X-Rays discovery

Wilhelm Roentgen was professor of physics at university of Wurzburg, Germany when he discovered X-rays in 1985. The discovery was entirely serendipitous; Roentgen was merely studying a beam of electrons in a highly evacuated glass vessel. When the electrons, moving at great speed slammed into glass wall, they produced a very high penetrating radiation - a wholly unexpected occurrence. Roentgen first noticed the radiation when it caused a paper coated with Barium Platino-cyanide to glow. The chemical compound was a standard detector of UV light which causes the chemical to fluorescence i.e. to emit visible light after it has absorbed UV light. But Roentgen's evacuated vessel was tightly covered with black cardboard and so no UV light could emerge from it. The glow must be some other kind of radiation.
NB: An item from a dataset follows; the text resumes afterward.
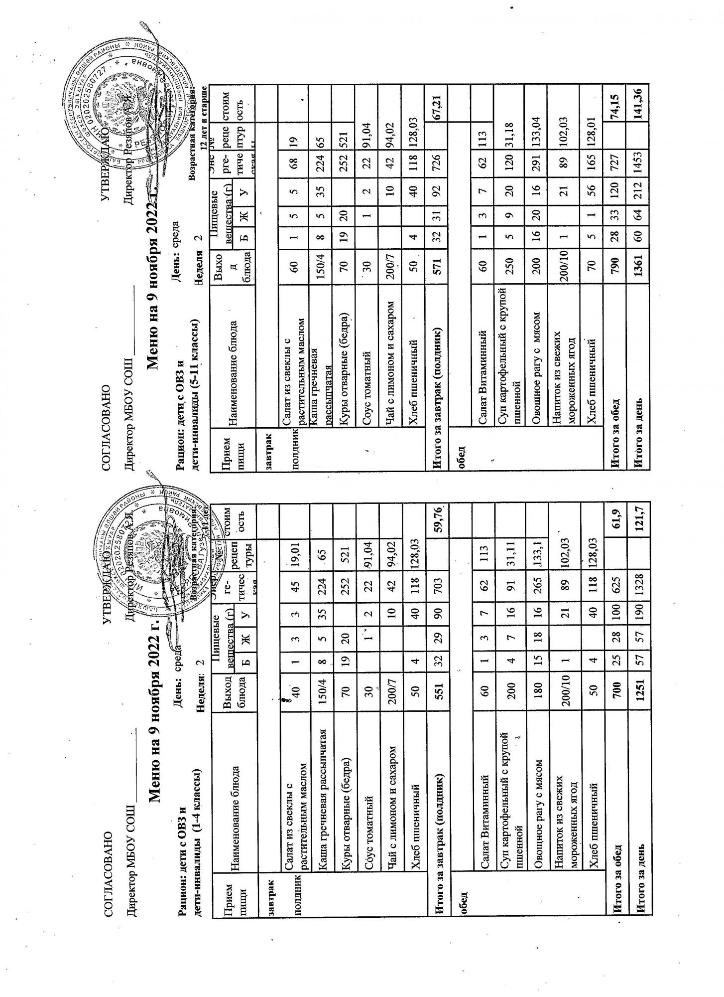 (контрольное меню на 09.11.2022 завтрак многодетные и ОВЗ завтрак)

When he announced the discovery of the new radiation, Roentgen wrote:

"I posesss, for instance, photographs of ............the shadow of bones of hand, the shadow of a covered wire enclosed in a box.........."

Earlier in the paper, he noted that "the darker shadow of bones is seen with in the slightly dark shadow image of hand itself.

The new radiation quickly became a diagnostic tool in hospitals all over the world. Roentgen could not determine what the rays are made of and thus rays are named as X-rays.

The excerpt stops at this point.